BTW, I want to answer some questions in advance:
1) We may not be able to test this approach in our work loads recently since the versions
are quite different. But we shall want to merge this and further concurent uncommit stuff
 together later in JDK11.
2) JEP 346 is backported to our JDK11 and works fine as expected in some work loads. I guess
the new elastic solution in future would be better:)
3) The previous humongous proposal by aborting initial mark solved some problems but still had
the issue of frequent GC. We are now tunning this and verifying in our work loads.

> ------------------------------------------------------------------
> From:Thomas Schatzl <thomas.schatzl at oracle.com>
> Send Time:2020 Jun. 10 (Wed.) 17:31
> To:hotspot-gc-dev at openjdk.java.net <hotspot-gc-dev at openjdk.java.net>
> Subject:RFC: Adaptively resize heap at any GC/SoftMaxHeapSize for G1

> Hi all, Liang,

>   after a few months of busy working in the area of G1 heap resizing 
> and ultimately SoftMaxHeapSize support, I am fairly okay with a first 
> preview of these associated changes. So I would like to ask for feedback 
> on the current changes for what I intend to complete in the (early) 
> jdk16 timeframe.

> This is not a request for review of the changes for pushing, although 
> feedback on the code is also appreciated.

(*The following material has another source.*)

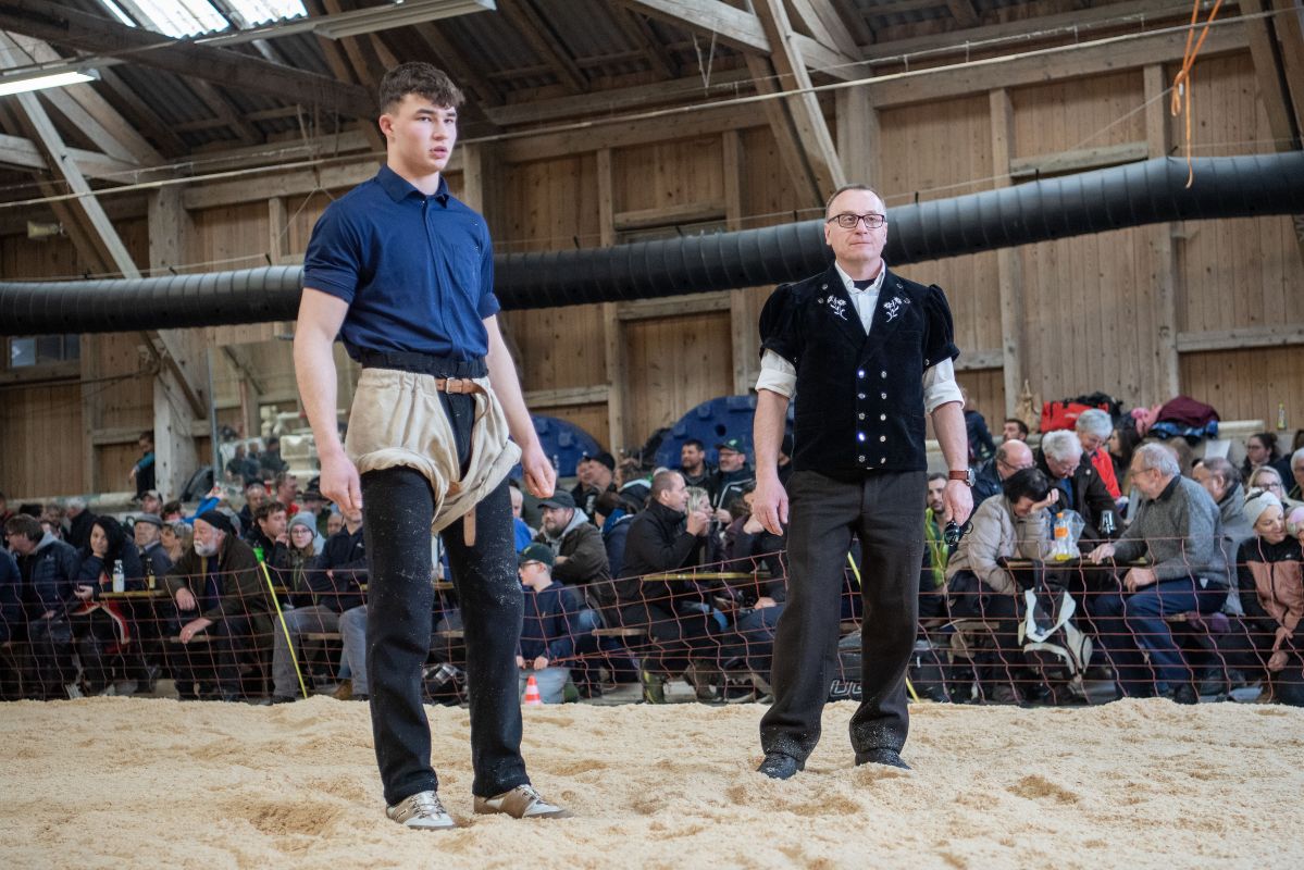 Heimenschwand, 12. März 2023, Schwingen, 23. Hallenschwinget Oberdiessbach 2023. Michael Moser (L, Arni) Kampfrichter Rolf Schüpbach (R, Walkringen) (Rolf Eicher)

>  From my point of view only tuning a few heuristics and code polishing 
> is left to do as the change seems to do what it is intended to do.

> In particular it would be nice if Liang Mao, the original requestor of 
> all this functionality, could help with feedback on his loads. :)

> Just to recap: Sometime around end of last year, Liang posted review(s) 
> with functionality to:
> - concurrent uncommit of memory
> - implement SoftMaxHeapSize by uncommitting free memory

> That did not work well in some cases, so we agreed on us at Oracle 
> taking over. Today I would like to talk about the progress on the second 
> part :)

> The original proposal did not work well because it did not really change 
> how G1 resized the heap - i.e. SoftMaxHeapSize related changes to the 
> heap were quickly undone by regular heap expansion because it was too 
> aggressive for several reasons (e.g. bugs like JDK-8243672, 
> JDK-8244603), uncooperative (JDK-8238686) and never actually helped 
> shrinking or keeping a particular heap size.

> This resulted in lots of unnecessary heap changes even on known constant 

> After some analysis after fixing these issues (at least internally ;)) I 
> thought that for G1 to keep a particular heap size G1 needs to have an 
> element in its heap sizing control loop that pushes back on (excessive) 
> heap expansion.

> The best approach I thought of has been to introduce a *lower* 
> GCTimeRatio that G1 tries to stay *above* by resizing the heap. 
> Effectively, G1 then tries to stay within ["LowerGCTimeRatio", 
> GCTimeRatio] for its actual gc time ratio.

> That works out fairly well actually, and today I thought that the code 
> is in a state, while still heavy in development (it does look like that 
> :) still), could be provided for gathering feedback on more loads from you.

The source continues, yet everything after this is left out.